Проводник электричества - Сергей Самсонов
Шрифт:
Интервал:
Закладка:
Он все равно что ничего не говорил — тыр-пыр, пык-мык, так ноют на вступительном экзамене английского провинциалы, колхозник объясняет, как его стричь, надменно-отчужденной парикмахерше, — повел Камлаева в пустой, забрызганный белилами, покрытый сплошь строительной пылью кинозальчик; погас подслеповатый свет, с когтящимся мышиным шорохом, рывками побежала пленка.
Танцующий ливень штриховки — особенный ливень забвения, стирающий все, — переливался грифельным мерцанием, то вдруг вставая на экране непроглядной пеленой, то вдруг редея в середине, сильнее припуская с краю одного, другого, так, будто спасительный ветер сносил его в сторону, давая разглядеть сквозь дождевую стену лицо, фигуру, улицу, фонарь, давая на мгновение щель просвета, то вдруг полноразмерную, во весь экран, нежданную, почти ошеломляющую ясность… и возникал будто эффект обратной киносъемки, движения в глубь экрана, времени, отчизны.

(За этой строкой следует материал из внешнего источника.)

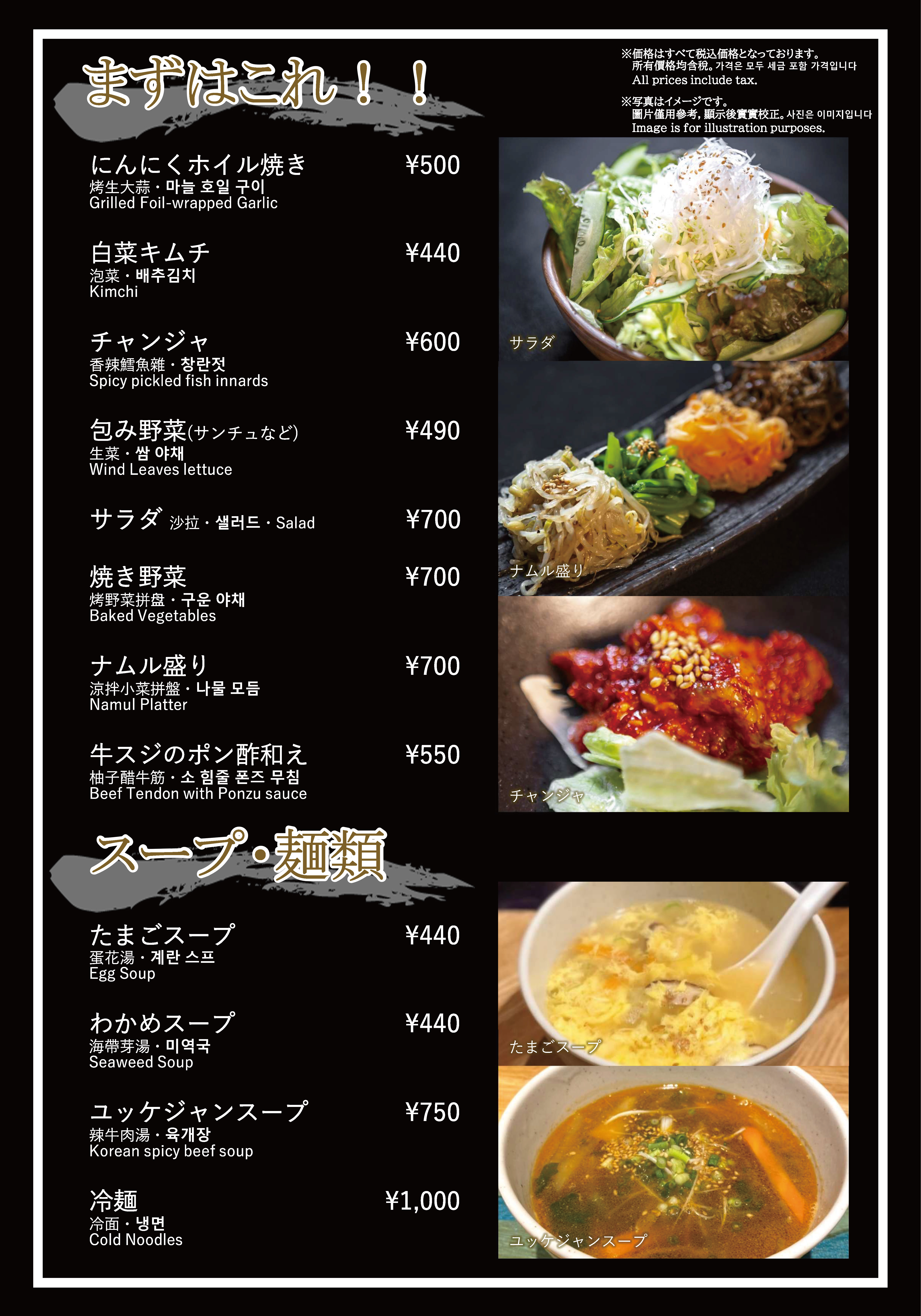 焼肉おおつか 本店 フードメニュー、ドリンクメニュー
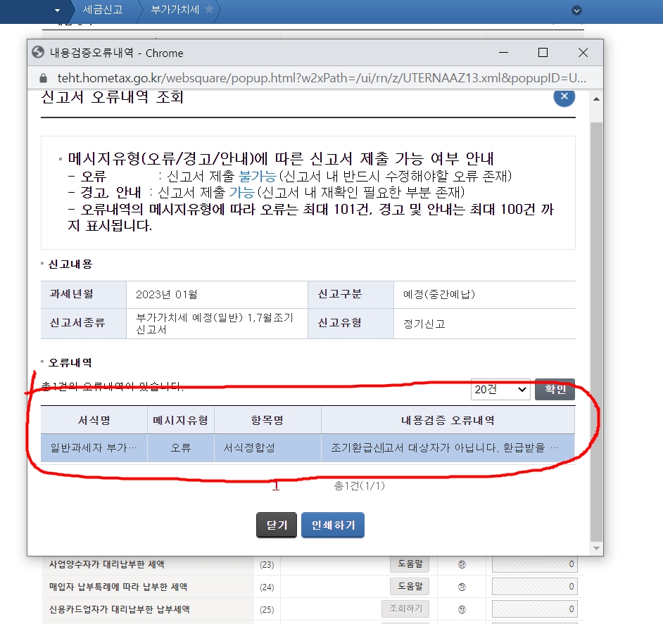 세금계산서수취분 고정자산 매입 부분을 누락하면 아래처럼 오류가 뜹니다.
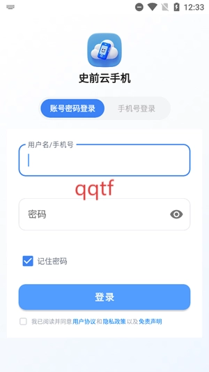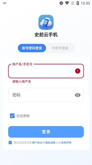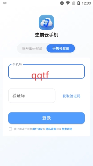 打开你的史前云手机,点击同意相关协议。
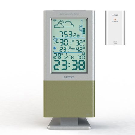 Современная компактная модель цифровой метеостанции с выносным датчиком RST 02557 имеет отличный дизайн, в стиле hi-tech , благодаря которому можно завершить любой интерьер или добавить дизайнерскую изюминку. Домашняя метеостанция популярна среди пользователей и хорошо себя зарекомендовала на российском рынке, благодаря использованию специальных высокочувствительных сенсоров, которые распознают самые мельчайшие колебания атмосферного давления. Есть все самое необходимое для составления прогноза погоды, лишних функций нет. Основной дисплей позволит вывести крупным планом цифры показателей температуры и цифрового барометра. Практически с любого расстояния пользователь может проконтролировать процесс работы.
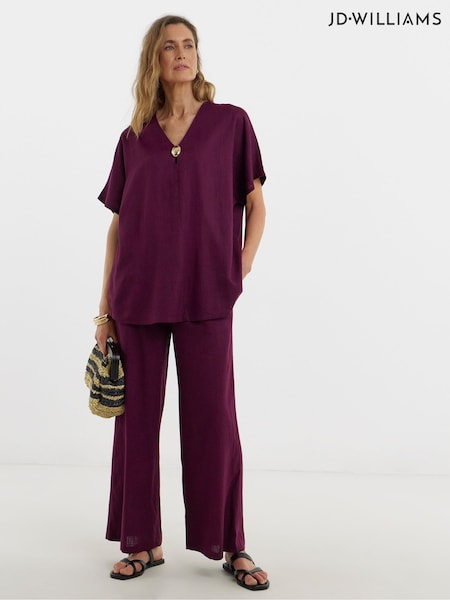 JD Williams Purple Linen Mix Metal Trim Tunic Top

Вода смывала верхний слой, функциональный мусор современности, опознаваемый покров цивилизации — асфальт, высотки, шпили, линии электропередач, и обнажалось сгинувшее, слизанное огромным языком прогресса прошлое столетие: вставали башни старого Кремля и подымались мукомольные лопочущие мельницы с плотинами и сливами, круглились тесно сбитые булыжники широких мостовых, которые еще не разобрали восставшие в 905-м пролетарии, разъезженный тележными колесами протягивался тракт, выкатывались первые глазастые авто, пролетки, дрожки, гарцевали казачьи разъезды, вскипала деловито муравьиная орда в цилиндрах, шапокляках, сюртуках, приподнимала котелок, поигрывала тросточкой — уже не оружием защиты от черни; с комической скоростью валил сияющий окладами икон и золотым шитьем хоругвей крестный ход (парча архиерейских риз, расшитые мундиры, потом кафтаны, армяки и бороды крещеного простонародья), навстречу пер, без строя и порядка, темный вал, бунташный, стачечный, голодный. Молотобойцы, горновые, слесари, ткачи — поняв по Марксу природы вышней силы, определяющую логику их жизней, — революционная толпа сучит по-насекомому руками и ногами; так это глупо-жалко, так пронзительно смешно, что сердце обрывается: десятки тысяч «движителей времени», «вершителей истории» отчаянно бегут навстречу смерти со скоростью десять шагов, сквернословий, затяжек в секунду.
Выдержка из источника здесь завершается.